Data to examine Start Marker

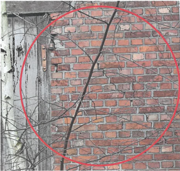
212 gevelementen 2121 balk(en) - beschadiging (3 punten)
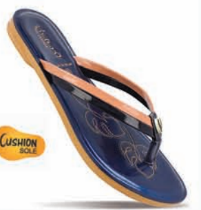
WL7051 | MRP: ₹ 249.00*
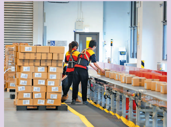
▲香港西運作中心的貨件處理能力提升至每小時5100件。

香港是國際貿易和物流中心，擁有優越的地理位置，5小時內可飛抵全球半數人口居住地。蔣國雄引述香港貿易發展局預測，今年香港貨運出口預計將增長4%至6%，加上跨境電商迎結構性增長機遇，以及配合粵港澳大灣區增長潛力、三跑道系統完成和港珠澳大橋等基建發展，對公司在港業務發展樂觀。
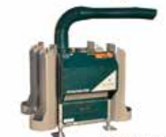
FrostGuard Protección máxima 1 hectárea
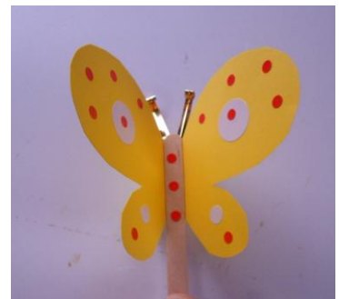
♪パタパタちょうちょ♪
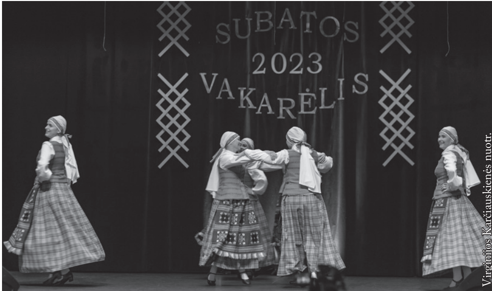
Suvalkų lietuvių šokių grupė „Sūduva“

J. Švedo). Tai jų antrasis pasirodymas Seinų „Lietuvių namų“ scenoje ir, tikėkimės, ne paskutinis.
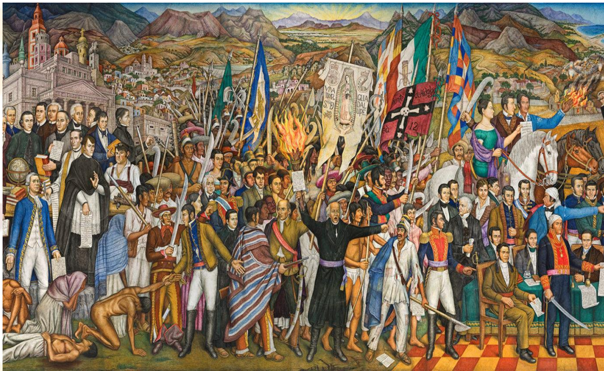
5 Retablo de la Independencia de México, obra de Juan O'Gorman
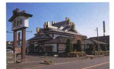
般若姫徳山店オープン 昭和61年4月14日
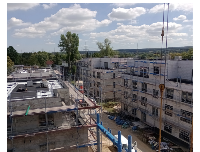
Baustelle, September 2023
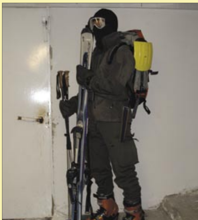
Soldat für Schitour

die am Mt. Hermon Dienst versehenen Soldaten sehr wichtig und notwendig ist.
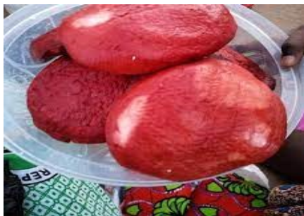
Fromage wagashi produit par les femmes du PASDeR
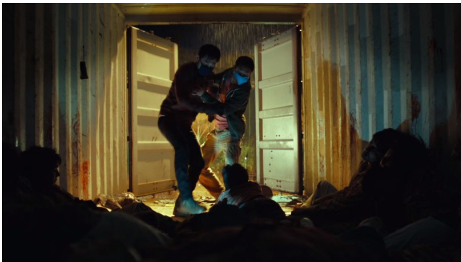
Fotograma 1. Inicio de la epidemia, donde se observa contenedor lleno de cadáveres víctimas de un virus mortal y un sobreviviente.
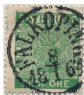
Facit 7a 1
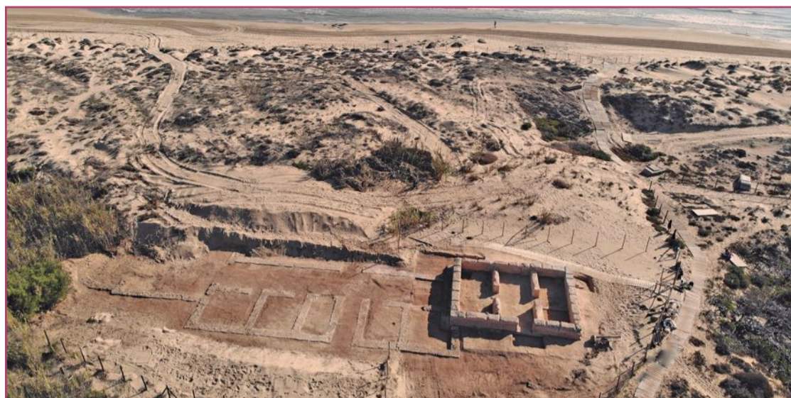
Vista aérea de la Villa Romana recién descubierta.

Todos los yacimientos tienen códigos QR para descargar una audioguía con toda la información
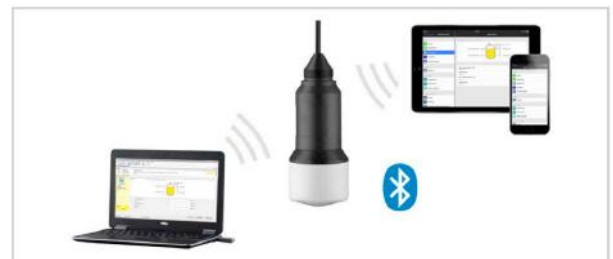
Bezdrátové připojení prostřednictvím standardních zařízení
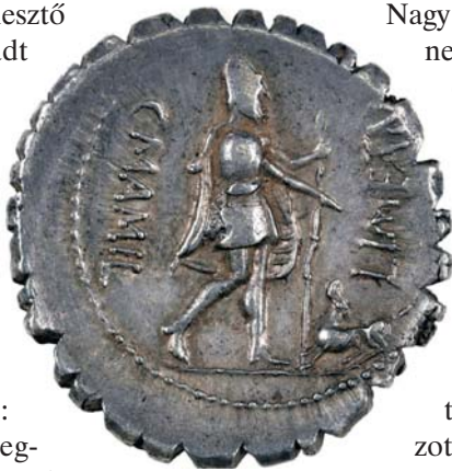
Odüsszeusz és kutyája, Argosz római pénzérmén, Kr. e. 82

Nagy Sándor, Arisztotelész neveltje, a világ anyagi és szellemi értékeire nyitott makedón király okkal háborodott fel a barbár szokáson. Persze ismerte ő a kutya kettős természetét, amelyet kedvenc költője, Homérosz is többször hangsúlyozott. Hiszen ez az állat nemcsak az ember jó barátja, hűséges társa, hanem szimbóluma a vadságnak, könyörtelenségnek, arcátlanságnak. Egyfelől a „kutyahúség” prototípusa Argosz, Odüsszeusz kutyája, aki hűszévi távollét után hazatérő urát még felismerte: „Argosz, az eb, hát tet-

Data to examine End Marker

Return the lines containing "kutyája", taking each one from the listing.

Odüsszeusz és kutyája, Argosz római pénzérmén, Kr. e. 82
Nagy Sándor, Arisztotelész neveltje, a világ anyagi és szellemi értékeire nyitott makedón király okkal háborodott fel a barbár szokáson. Persze ismerte ő a kutya kettős természetét, amelyet kedvenc költője, Homérosz is többször hangsúlyozott. Hiszen ez az állat nemcsak az ember jó barátja, hűséges társa, hanem szimbóluma a vadságnak, könyörtelenségnek, arcátlanságnak. Egyfelől a „kutyahúség” prototípusa Argosz, Odüsszeusz kutyája, aki hűszévi távollét után hazatérő urát még felismerte: „Argosz, az eb, hát tet-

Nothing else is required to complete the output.